Copy all the lines of the listing below exactly. Skip the images.

Information supplied ->
# # # # # # #
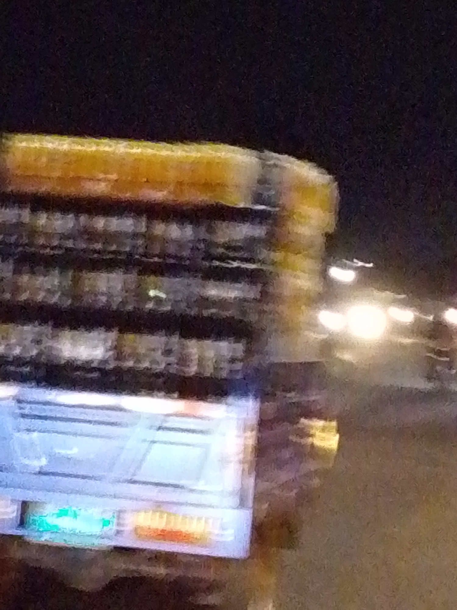blurry nighttime scene in Tamale, Ghana. The primary subject is the rear of a truck loaded with goods, possibly produce, though the exact nature of the goods is unclear due to the blur. The truck has a pale blue tailgate with indistinct markings. Its rear lights are visible, with a green light on the left and a yellow/orange light on the right. The surroundings are dark, with headlights from other vehicles in the background. The overall environment appears to be urban. The image has a grainy quality, indicative of low light conditions or motion blur. There are no visible people.
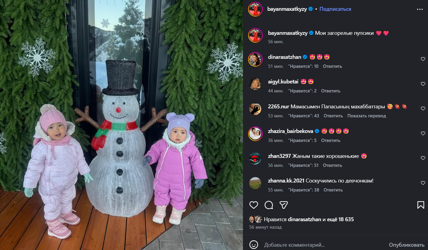 Кроме того, Баян показала в соцсети и своих младших детей рядом с игрушечным снеговиком, подписав фото:
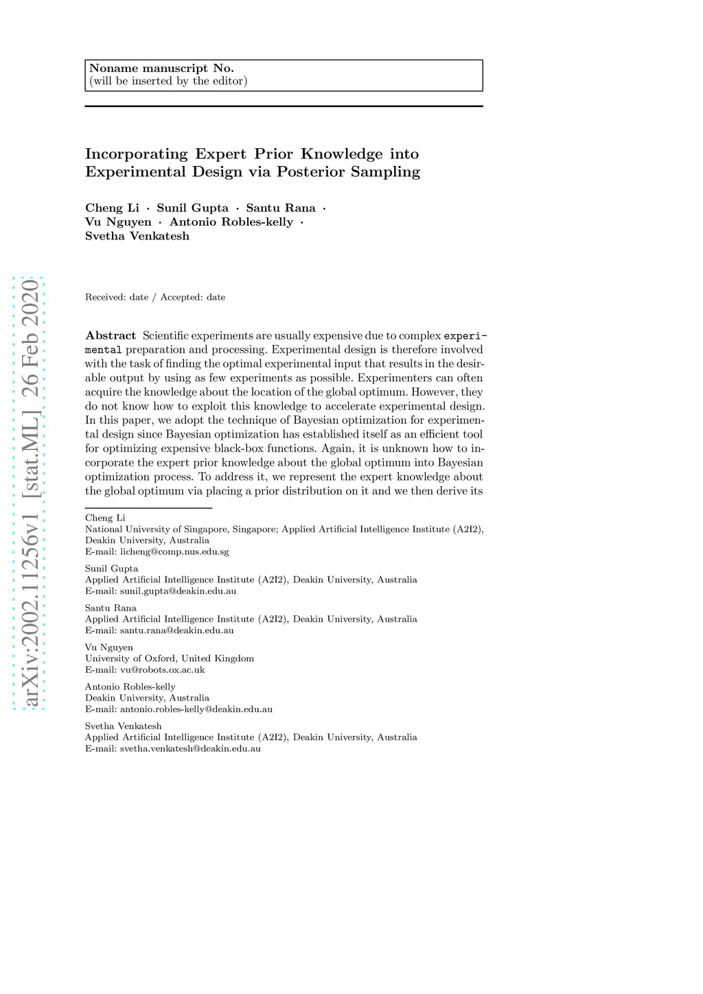Scientific experiments are usually expensive due to complex experimental preparation and processing. Experimental design is therefore involved with the task of finding the optimal experimental input that results in the desirable output by using as few experiments as possible. Experimenters can often acquire the knowledge about the location of the global optimum. However, they do not know how to exploit this knowledge to accelerate experimental design. In this paper, we adopt the technique of Bayesian optimization for experimental design since Bayesian optimization has established itself as an efficient tool for optimizing expensive black-box functions. Again, it is unknown how to incorporate the expert prior knowledge about the global optimum into Bayesian optimization process. To address it, we represent the expert knowledge about the global optimum via placing a prior distribution on it and we then derive its posterior distribution. An efficient Bayesian optimization approach has been proposed via posterior sampling on the posterior distribution of the global optimum. We theoretically analyze the convergence of the proposed algorithm and discuss the robustness of incorporating expert prior. We evaluate the efficiency of our algorithm by optimizing synthetic functions and tuning hyperparameters of classifiers along with a real-world experiment on the synthesis of short polymer fiber. The results clearly demonstrate the advantages of our proposed method.
# # # # # # #
Solution to this exercise ->
blurry nighttime scene in Tamale, Ghana. The primary subject is the rear of a truck loaded with goods, possibly produce, though the exact nature of the goods is unclear due to the blur. The truck has a pale blue tailgate with indistinct markings. Its rear lights are visible, with a green light on the left and a yellow/orange light on the right. The surroundings are dark, with headlights from other vehicles in the background. The overall environment appears to be urban. The image has a grainy quality, indicative of low light conditions or motion blur. There are no visible people.
 Кроме того, Баян показала в соцсети и своих младших детей рядом с игрушечным снеговиком, подписав фото:
Scientific experiments are usually expensive due to complex experimental preparation and processing. Experimental design is therefore involved with the task of finding the optimal experimental input that results in the desirable output by using as few experiments as possible. Experimenters can often acquire the knowledge about the location of the global optimum. However, they do not know how to exploit this knowledge to accelerate experimental design. In this paper, we adopt the technique of Bayesian optimization for experimental design since Bayesian optimization has established itself as an efficient tool for optimizing expensive black-box functions. Again, it is unknown how to incorporate the expert prior knowledge about the global optimum into Bayesian optimization process. To address it, we represent the expert knowledge about the global optimum via placing a prior distribution on it and we then derive its posterior distribution. An efficient Bayesian optimization approach has been proposed via posterior sampling on the posterior distribution of the global optimum. We theoretically analyze the convergence of the proposed algorithm and discuss the robustness of incorporating expert prior. We evaluate the efficiency of our algorithm by optimizing synthetic functions and tuning hyperparameters of classifiers along with a real-world experiment on the synthesis of short polymer fiber. The results clearly demonstrate the advantages of our proposed method.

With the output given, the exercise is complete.